Lorsque j’ai créé ma société de production, Cinétéléfilms, en 1984, je crois que j’ai eu trois motivations :
- je ne pouvais arriver à l’âge de 40 ans (j’en avais 38 à l’époque) et rester un « mercenaire » du cinéma mondial (technicien pressé travaillant pour des films dans tous les continents depuis 1966).
- je ne me reconnaissais que peu de talent en tant que réalisateur mais j’avais du plaisir, par contre, à organiser un tournage, résoudre et contourner les difficultés des films des autres.
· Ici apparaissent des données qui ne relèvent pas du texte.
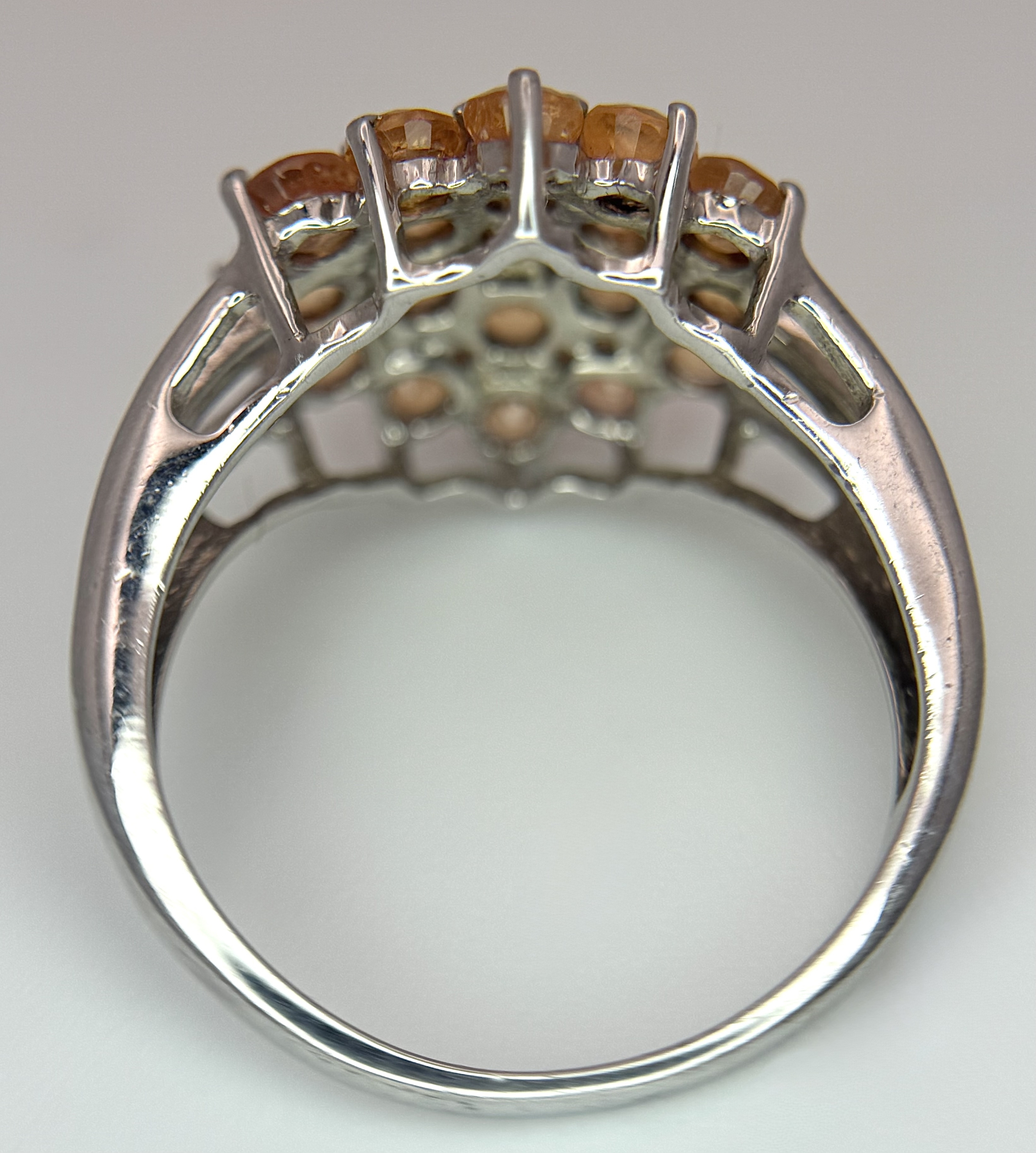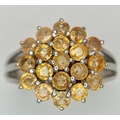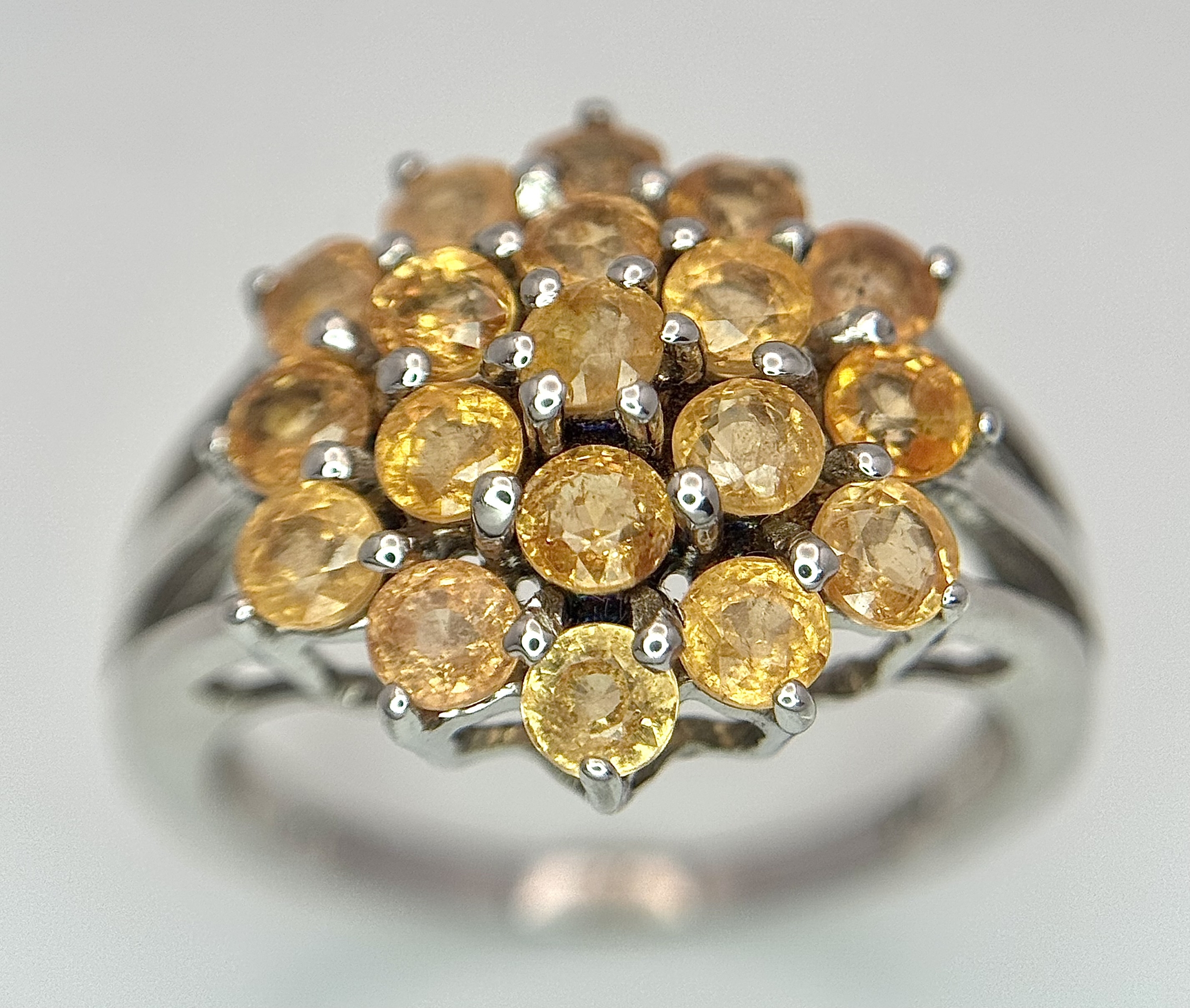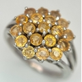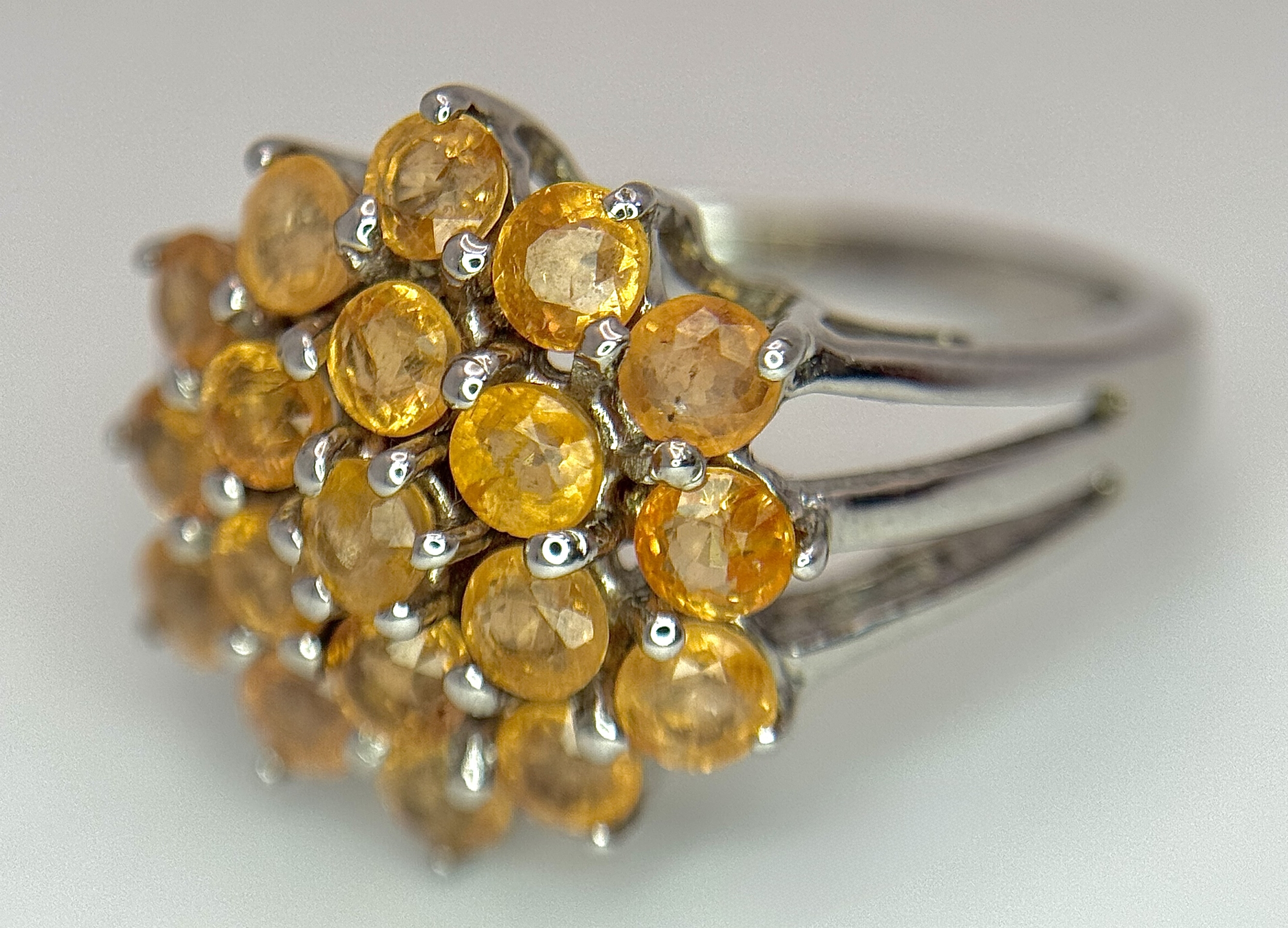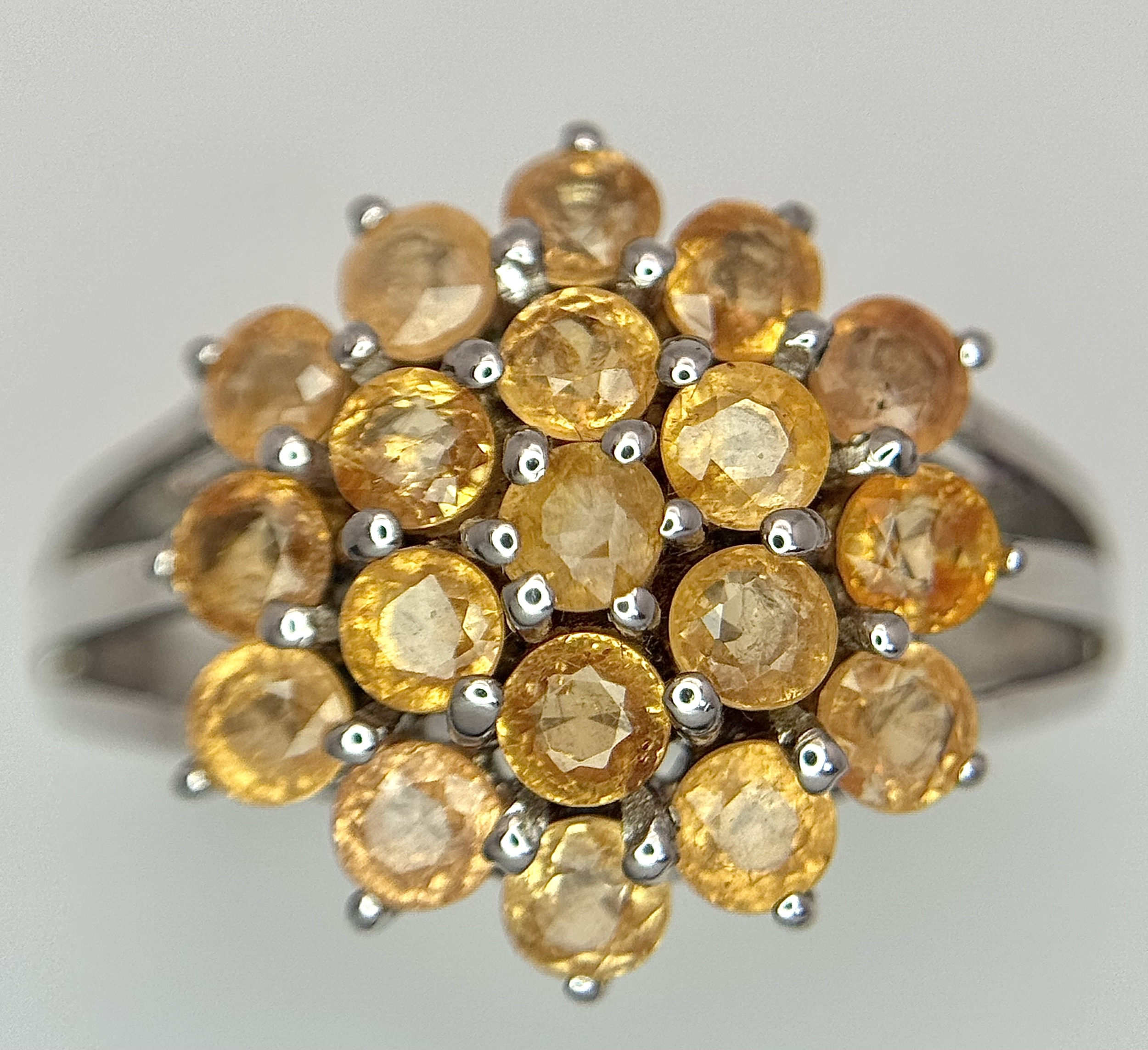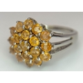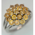 An Eye-Catching Sterling Silver Citrine Cluster Ring Size P1/2. The Ring measures 1.6cm Wide at the Crown and Weighs 4.15 Grams.

- mais c’est la lecture du scénario du film qui sera ma première production et le premier long métrage de Nouri Bouzid, L’Homme de cendres, qui m’a poussé à franchir le Rubicon.
Quelque part, je dois avoir l’âme à la fois d’un sacré joueur, d’un homme qui aime le pouvoir et d’un homme qui soigne un sur-moi très développé.
Etre producteur, en effet, dans un pays sans marché intérieur (la Tunisie) est une gageure si l’on considère qu’il faut s’assurer un public de 200 000 spectateurs (dans un pays qui ne compte que 70 salles pour une population de 8 millions d’habitants) pour couvrir les frais d’édition d’un film. Il faut faire aussi avec une billetterie non contrôlable et des rapports et conditions de travail en dehors du circuit économique : les banques ne donnant aucune avance sur facture, aucun nantissement sur les contrats. Par ailleurs, en dehors de l’aide publique qui représente 15 à 20 % des coûts réels d’un film, il n’y a aucun moyen de financement ou de pré-financement de la production. J’ai souvent dû fournir en garantie, pour obtenir des petits prêts auprès des banques de la place, des titres de propriétés de ma propre famille. D’autre part, et exception faite de l’Algérie et du Maroc, je n’ai jamais pu exporter une seule image de mes films vers ce qui aurait dû être mon marché naturel : le Monde Arabe. Cette aire géographique partageant une culture commune est restée fermée à mes productions pour des raisons d’espaces de libertés non équivalents ou pour des prétextes linguistiques : la Tunisie donnant effectivement plus de liberté à ses créateurs et le public tunisien étant plus tolérant que partout ailleurs dans le monde arabe. Quant au choix du dialectal tunisien au détriment de l’arabe classique, s’il m’a valu d’énormes succès en Tunisie, a été un obstacle dans les autres pays arabes. D’où le sentiment d’être un trapéziste sans filet, un investisseur sans marché et sans financement.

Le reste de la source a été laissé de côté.